Mirando no desfecho do governo de Donald Trump, nos Estados Unidos, o pesquisador projeta: “A minha expectativa é de que o governo Bolsonaro seja atropelado pela realidade, pelos fatos concretos. A pandemia acelerou a desintegração do inevitável, do governo que não há, que é o governo Bolsonaro, porque há bolsonarismo demais.” A seguir, uma entrevista com o ensaísta.

Em seu livro, o senhor sustenta que, embora a guerra cultural seja o eixo do governo Bolsonaro e precisamente aquilo que explica o êxito do bolsonarismo, é também a razão do colapso administrativo do governo federal.
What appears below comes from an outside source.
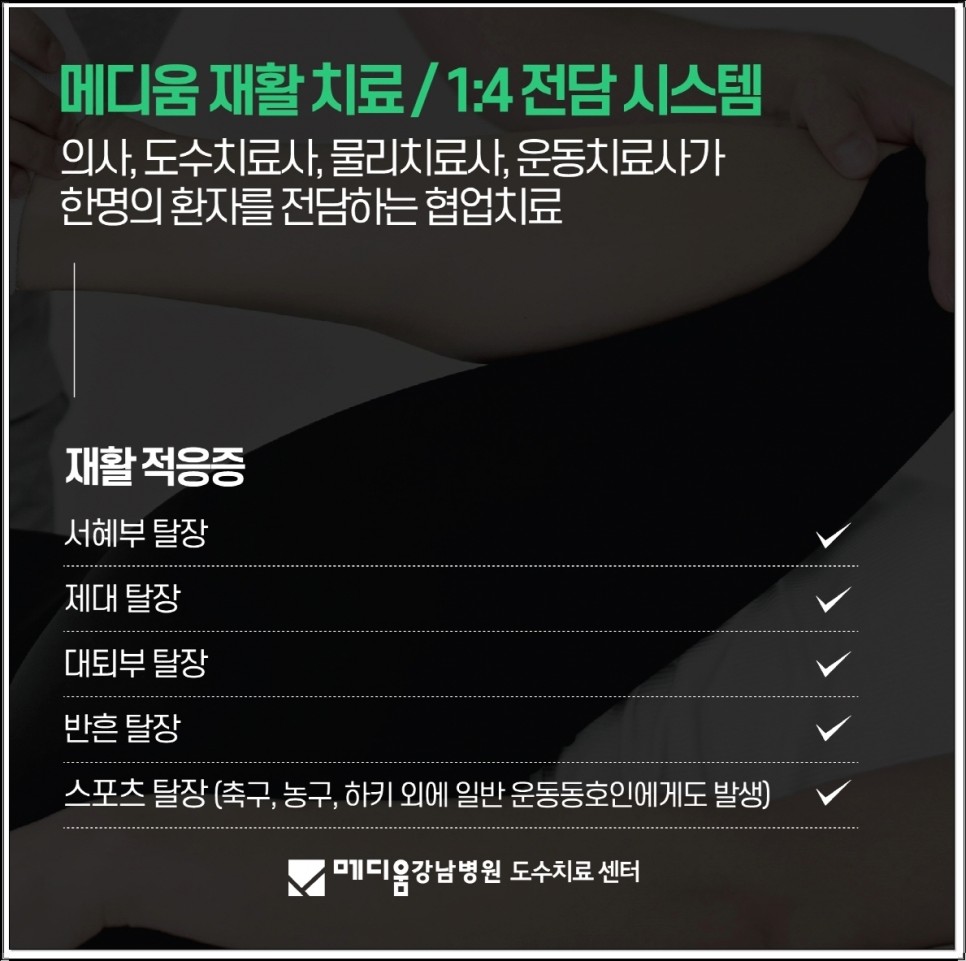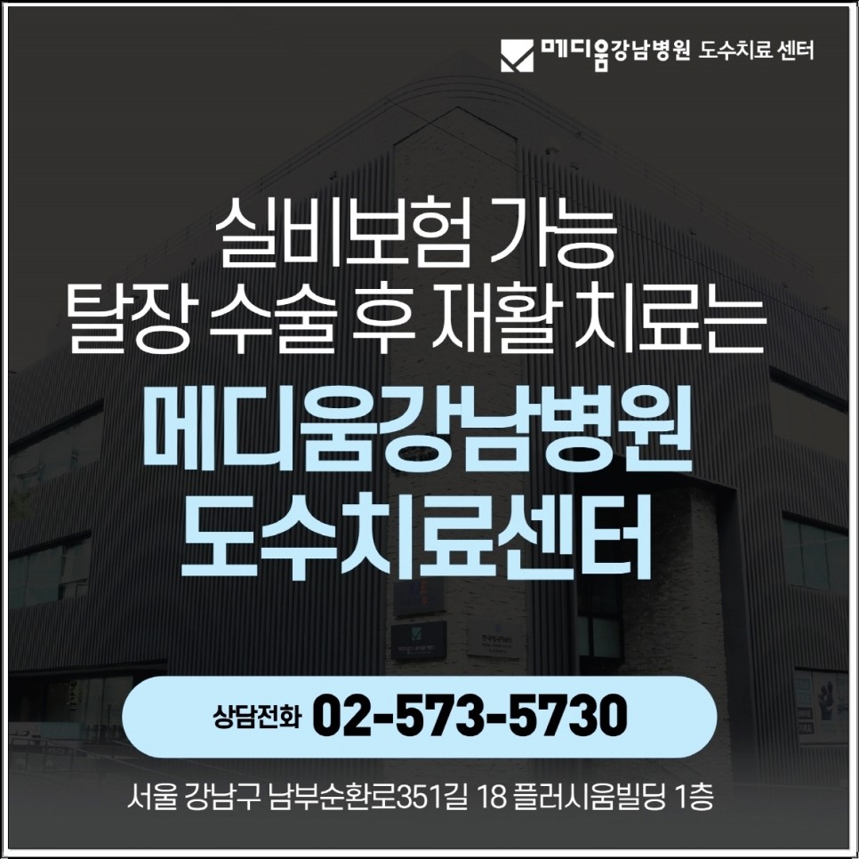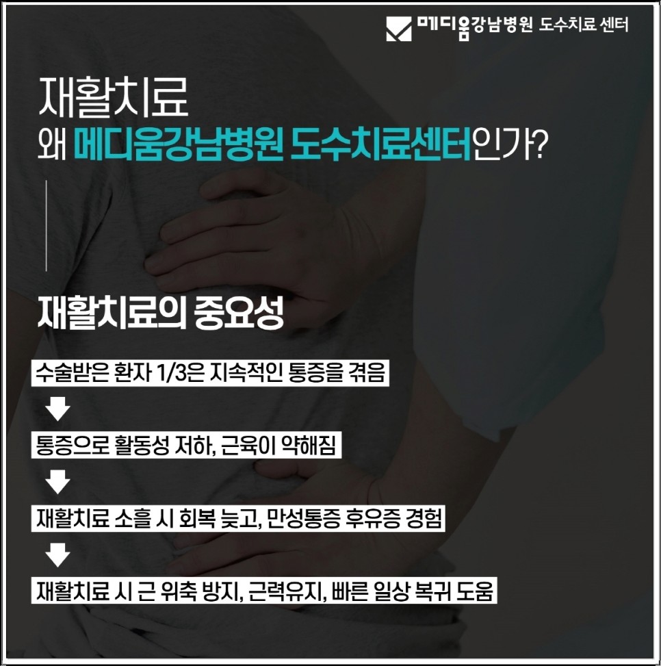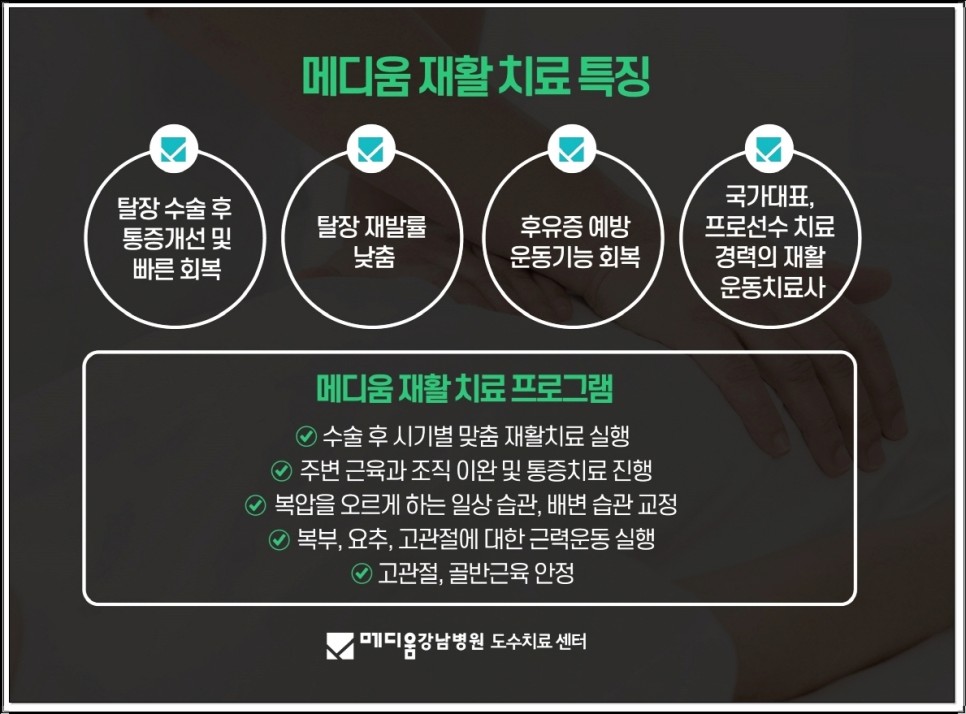 탈장 수술 후 재활, 메디움이 추천받는 이유 메디엄 강남병원 도수치료센터는 탈장 재활 분야에 특화된 장소에서 탈장 수술을 받으신 분들과 재발성 탈장하신 분들도 많이 방문하고 있습니다.

Como se explica o paradoxo?
A guerra cultural é precisamente a divisão do mundo entre, por um lado, os “meus” – os que me são próximos – a quem eu defendo porque acredito que possuo a essência, a verdade absoluta do mundo; e, por outro lado, estão todas as pessoas que percebo não como adversárias que pensam legitimamente de forma diferente da minha, mas que são inimigas que encarnam o mal. Infelizmente, a minha hipótese foi perfeitamente confirmada na atual tragédia em que vivemos.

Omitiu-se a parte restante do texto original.